(Requirement):
Exactly as written, print every line of the listing below and omit its pictures.

(Provided data):
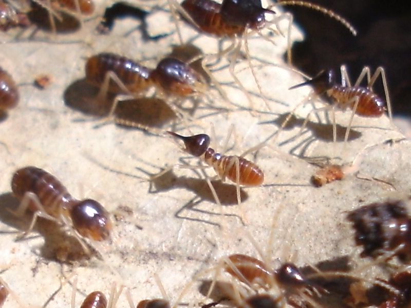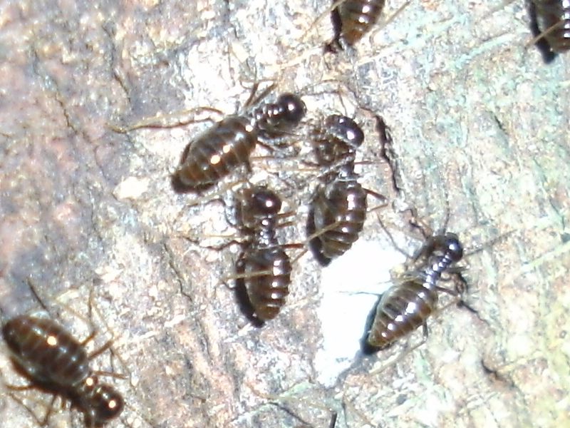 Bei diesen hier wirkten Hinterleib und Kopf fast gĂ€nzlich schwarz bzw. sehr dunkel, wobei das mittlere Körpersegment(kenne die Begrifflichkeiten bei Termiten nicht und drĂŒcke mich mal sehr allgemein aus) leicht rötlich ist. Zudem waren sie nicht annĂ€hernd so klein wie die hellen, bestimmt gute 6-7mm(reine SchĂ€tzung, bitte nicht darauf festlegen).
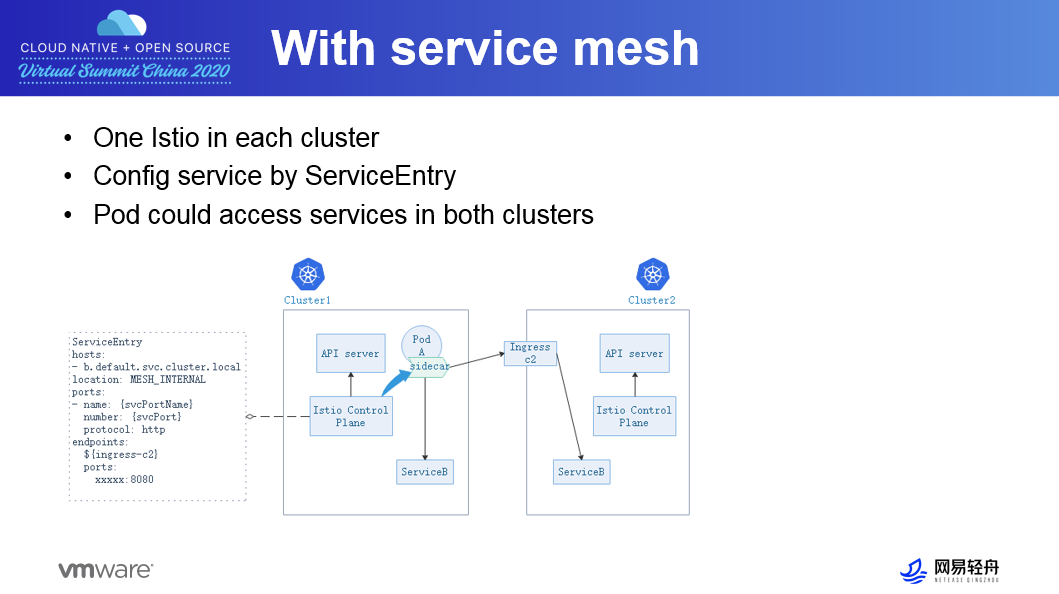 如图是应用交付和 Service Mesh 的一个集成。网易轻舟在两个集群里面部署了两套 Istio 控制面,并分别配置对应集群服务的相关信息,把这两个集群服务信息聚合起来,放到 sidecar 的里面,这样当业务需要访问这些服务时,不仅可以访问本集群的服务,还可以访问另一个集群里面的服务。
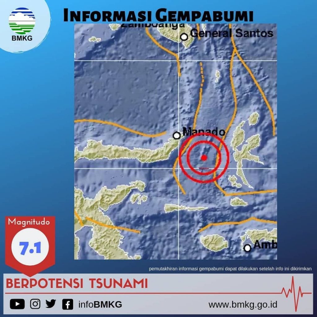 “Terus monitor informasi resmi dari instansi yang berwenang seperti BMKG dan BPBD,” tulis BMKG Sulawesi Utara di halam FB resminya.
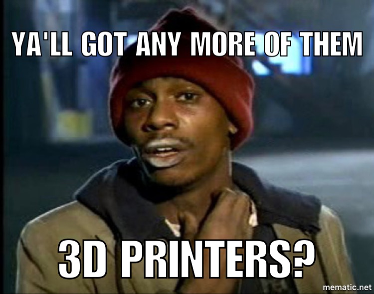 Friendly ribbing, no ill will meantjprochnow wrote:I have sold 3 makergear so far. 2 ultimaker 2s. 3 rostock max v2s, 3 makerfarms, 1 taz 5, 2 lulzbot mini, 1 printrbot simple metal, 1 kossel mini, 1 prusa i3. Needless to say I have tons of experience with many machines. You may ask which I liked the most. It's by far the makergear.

(Result for this task):
 Bei diesen hier wirkten Hinterleib und Kopf fast gĂ€nzlich schwarz bzw. sehr dunkel, wobei das mittlere Körpersegment(kenne die Begrifflichkeiten bei Termiten nicht und drĂŒcke mich mal sehr allgemein aus) leicht rötlich ist. Zudem waren sie nicht annĂ€hernd so klein wie die hellen, bestimmt gute 6-7mm(reine SchĂ€tzung, bitte nicht darauf festlegen).
 如图是应用交付和 Service Mesh 的一个集成。网易轻舟在两个集群里面部署了两套 Istio 控制面,并分别配置对应集群服务的相关信息,把这两个集群服务信息聚合起来,放到 sidecar 的里面,这样当业务需要访问这些服务时,不仅可以访问本集群的服务,还可以访问另一个集群里面的服务。
 “Terus monitor informasi resmi dari instansi yang berwenang seperti BMKG dan BPBD,” tulis BMKG Sulawesi Utara di halam FB resminya.
 Friendly ribbing, no ill will meantjprochnow wrote:I have sold 3 makergear so far. 2 ultimaker 2s. 3 rostock max v2s, 3 makerfarms, 1 taz 5, 2 lulzbot mini, 1 printrbot simple metal, 1 kossel mini, 1 prusa i3. Needless to say I have tons of experience with many machines. You may ask which I liked the most. It's by far the makergear.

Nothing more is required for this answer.